- Dataset extract
______

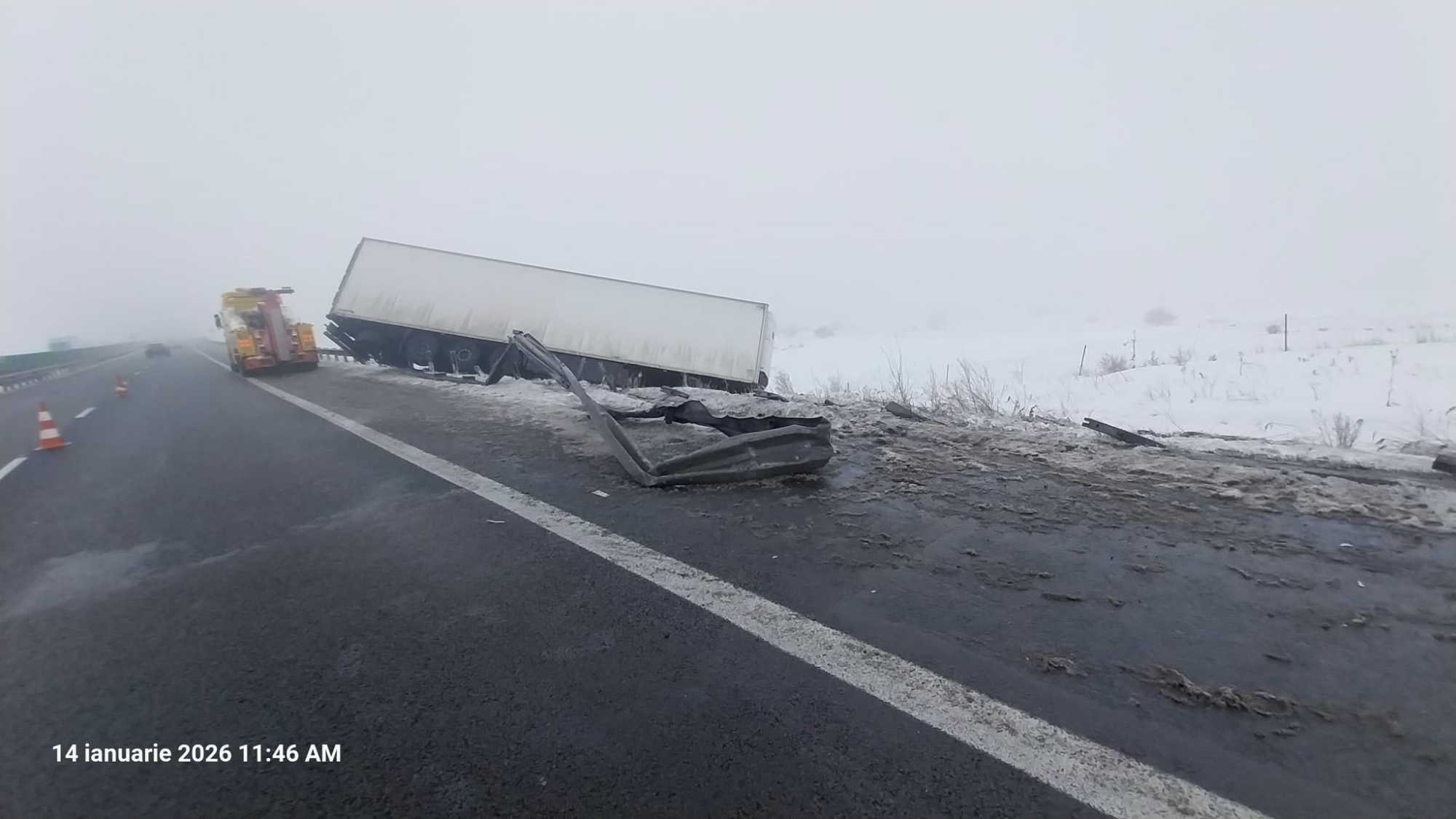 Felborult egy nyerges vontató az A1-es autópályán, Szeben–Szászsebes irányban, Szelistye és Alsóapold között – tájékoztat a Brassói Regionális Útügyi Igazgatóság (DRDP Brasov).
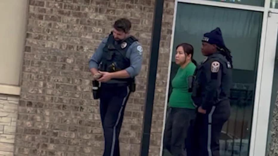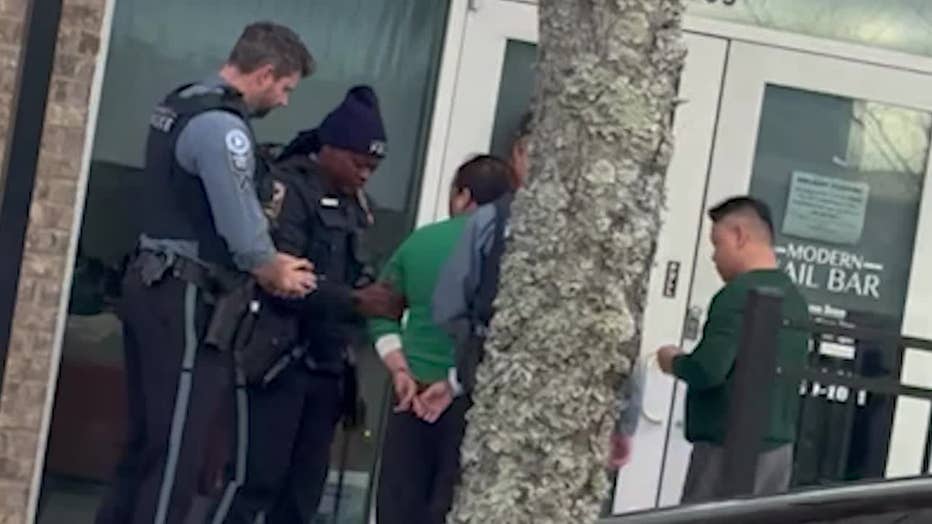A Gwinnett County nail salon employee is taken into custody by police outside a Lawrenceville business after investigators say an 8-year-old child was unlawfully prevented from leaving during a dispute over a service bill on December 21, 2025. (FOX 5 Atlanta obtained permission from the rights holder)
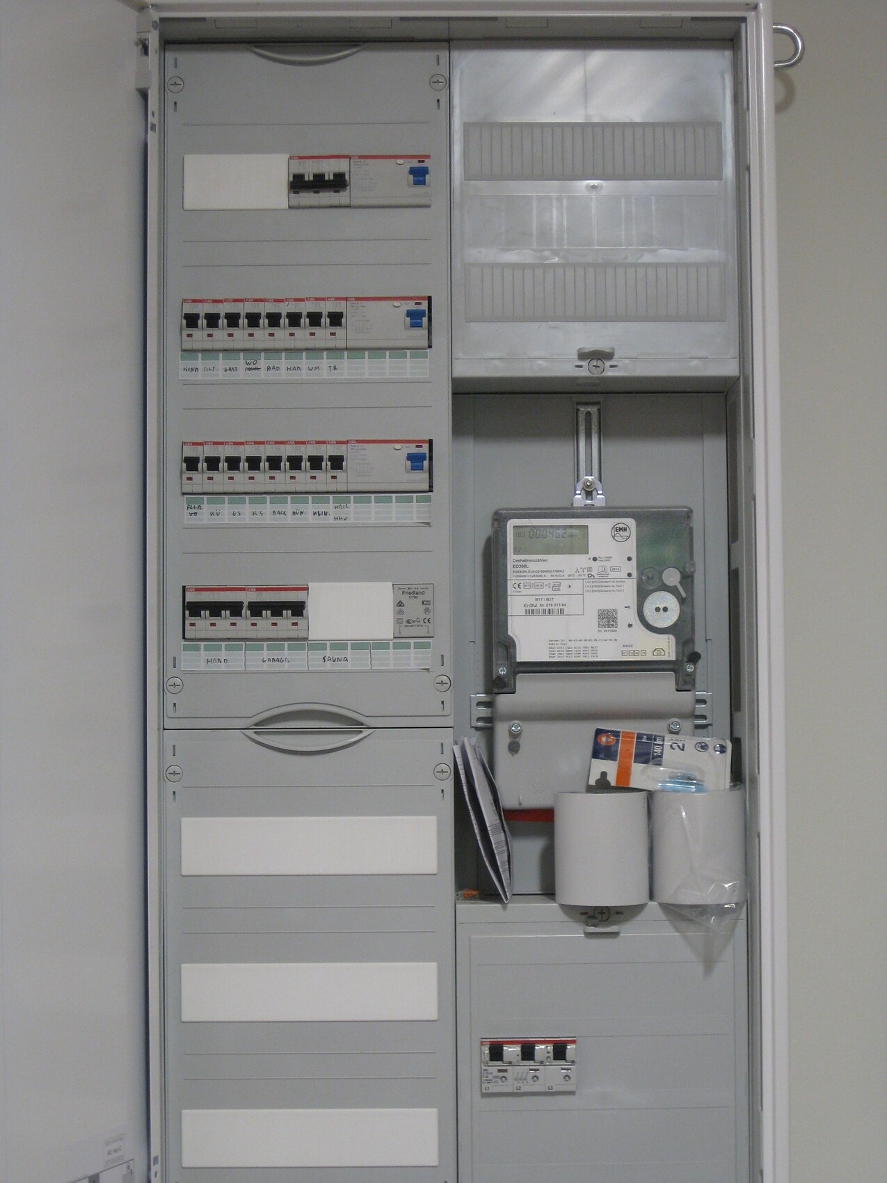 Elektrischer Verteilerschrank mit Zähler, Sicherungen und Kabelmanagement.
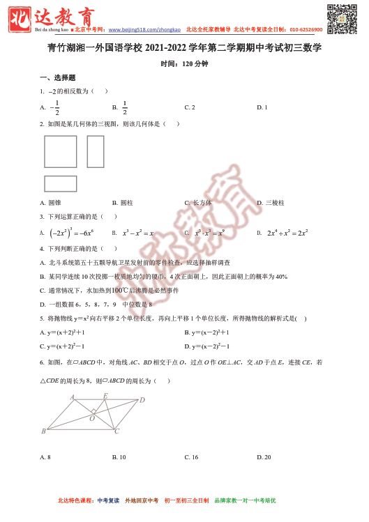 2022年湖南省长沙市青竹湖湘一外国语学校中考一模数学试题
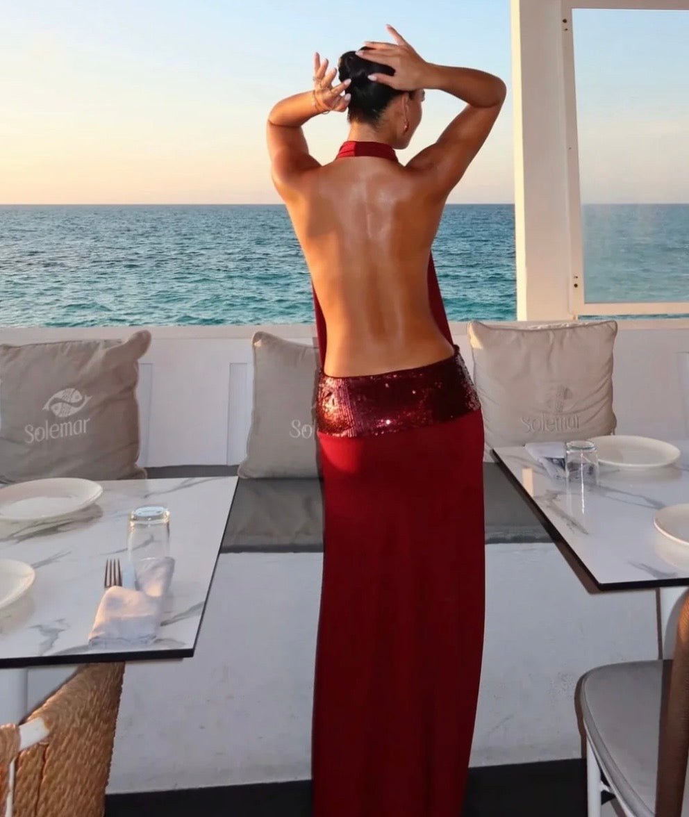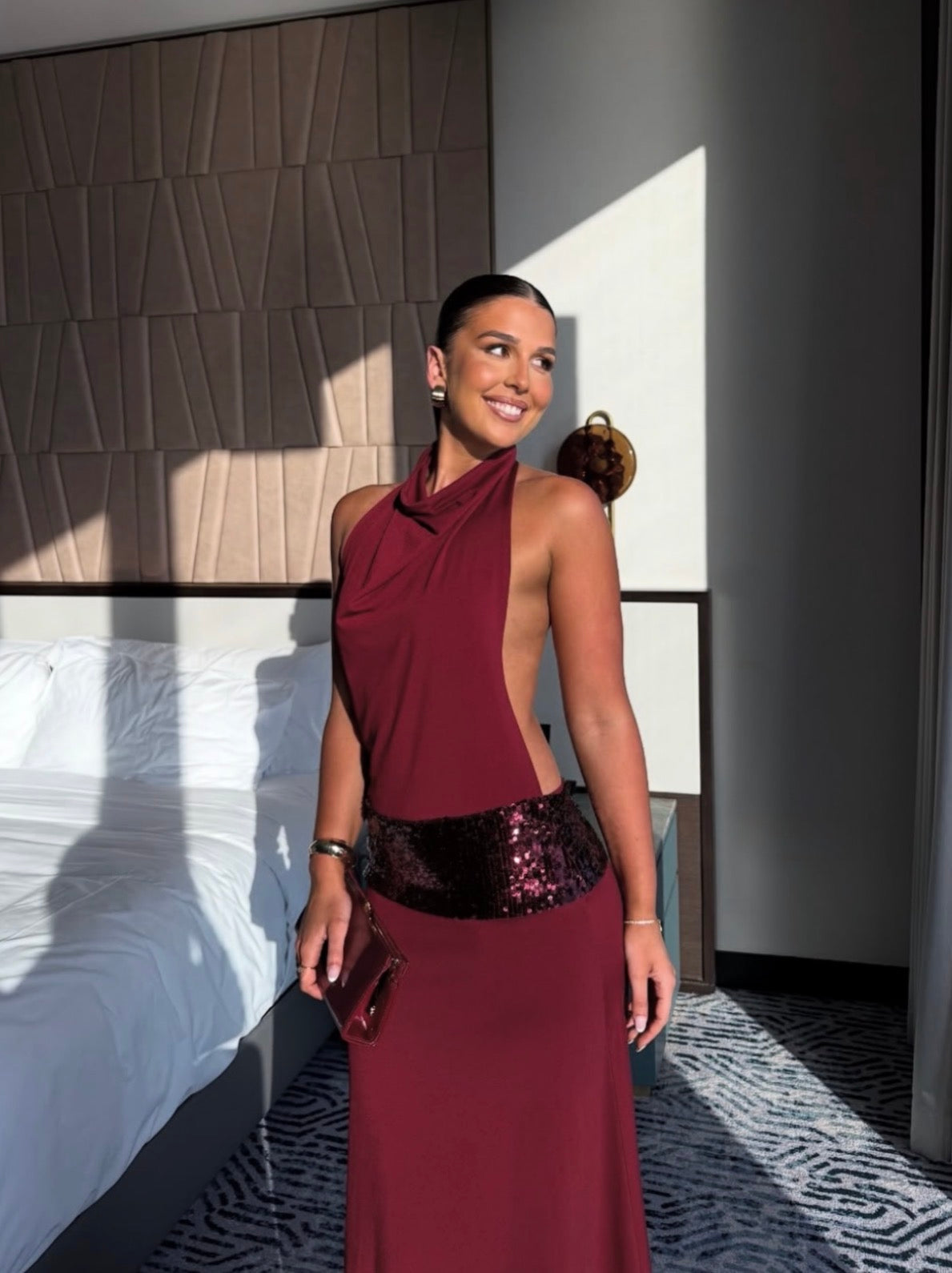 The Adele Gown in Wine. A halter gown with a draped cowl neck, open back, and a low-sitting sequinned waistband that hugs the hips. The fluted skirt falls asymmetrically, flowing effortlessly as you walk.

______

- Problem
A faithful copy of all the records is required, with the pictures left out.

- Written reply
 Felborult egy nyerges vontató az A1-es autópályán, Szeben–Szászsebes irányban, Szelistye és Alsóapold között – tájékoztat a Brassói Regionális Útügyi Igazgatóság (DRDP Brasov).
A Gwinnett County nail salon employee is taken into custody by police outside a Lawrenceville business after investigators say an 8-year-old child was unlawfully prevented from leaving during a dispute over a service bill on December 21, 2025. (FOX 5 Atlanta obtained permission from the rights holder)
 Elektrischer Verteilerschrank mit Zähler, Sicherungen und Kabelmanagement.
 2022年湖南省长沙市青竹湖湘一外国语学校中考一模数学试题
 The Adele Gown in Wine. A halter gown with a draped cowl neck, open back, and a low-sitting sequinned waistband that hugs the hips. The fluted skirt falls asymmetrically, flowing effortlessly as you walk.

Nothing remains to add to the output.